I started going to a British school (well, British-Dutch expat school) when I was four. I went to three different ones in three different countries from ages 4-16. This covers all of them.

When I was four, my accent was too Indian, too much difference for those poor English kids to have to bend over backwards and put up with, you know? So of course they tormented me -- insulting, hair-pulling, kicking, stealing stuff ...
(Can't blame them! It was my fault for not assimilating, right Ms Moon?)

By the time I was five, I spoke like an English kid around the English kids, and like an Indian kid around my parents.
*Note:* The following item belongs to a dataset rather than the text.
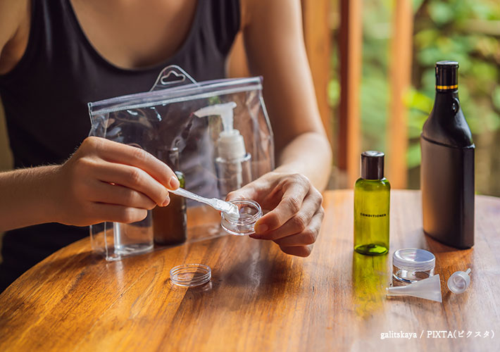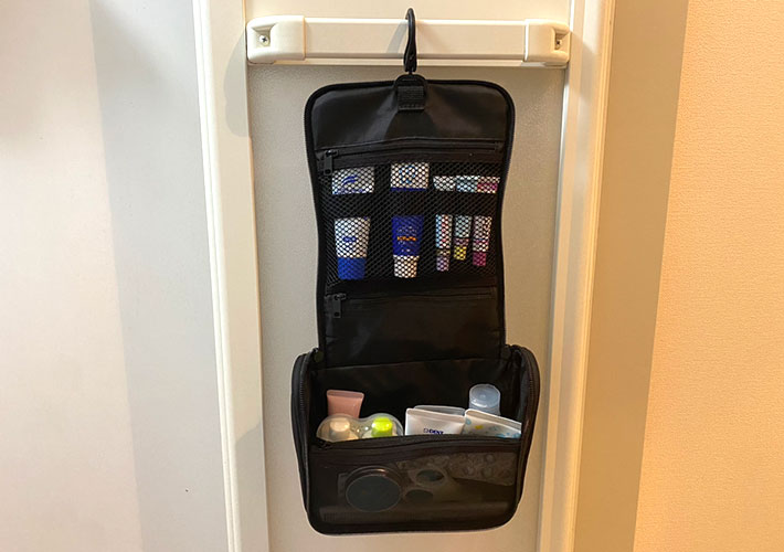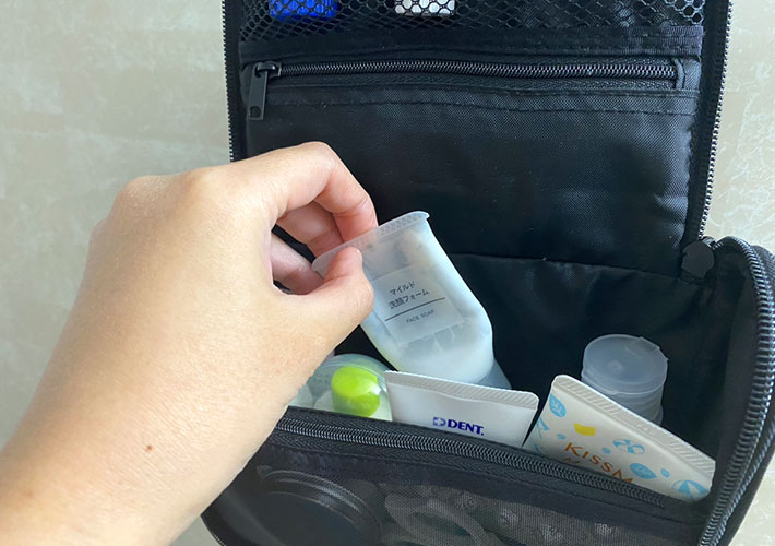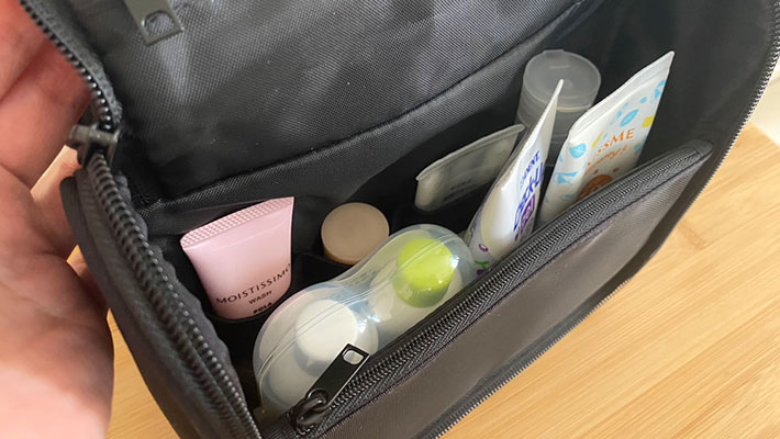 小さくてバラバラと散らばる携帯用のスキンケア用品や洗面用具をいつもここに入れておけば、必要な時に中身を補充するだけでOK。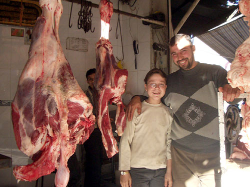 2回目の来店ではお猪口入りカルダモンコーヒーも出る。スパイスが強くカルダモン汁コーヒー風味というのが正しい。これをキュッと一杯ひっかけて商談開始。メモを見せるとOKとサクーッと肉を切った。希望の厚さ1.5cmを大幅に上回る4cmくらいを縦に切って、ざくざくと一口大にしようとしている。違う、違う。とりあえず細切り2本の肉でストップ。もう一枚は厚さ6cmになった。

And any time I went anywhere with my parents, or they dropped me off anywhere, I was terrified. The others might hear me sound like a "pakkie" after all. And I grew ashamed of my parents. They didn't sound English. They didn't even try to look English. My mother even wore saris! To assimilate, I had to believe that it didn't matter that my parents are smart, warm-hearted, eloquent, and kind. It only mattered that they are brown.

As we got older the tormenting got cleverer. Some girls pretended to be friends with me, had me come over to their houses, and then spent the whole time making fun of me. They'd have me come to birthday parties, sneer at any present I got them, and "accidentally" leave me out of games. They'd dump sausages or bits of bacon onto my food.

My mother got me to wear salvar kameez to school once. Once was all it took. I came home convinced that the clothes of my culture were (all) backward, ugly, and stupid, and that I was too. I dressed as much like the other kids as I could from then. I loved Indian clothes while we were in India, begged for them, and refused to touch them once we left.

My friends, in this period (maybe just the first 10 years of it) were the people who sometimes did not torment me, who sometimes let me sit with them without wrinkling their noses and edging away and tossing my books around the room, who sometimes called me Shweta rather than Pakkie or Shwetterpants or shitface. This is what Elizabeth Moon's grand idea of assimilation looks like for the other side.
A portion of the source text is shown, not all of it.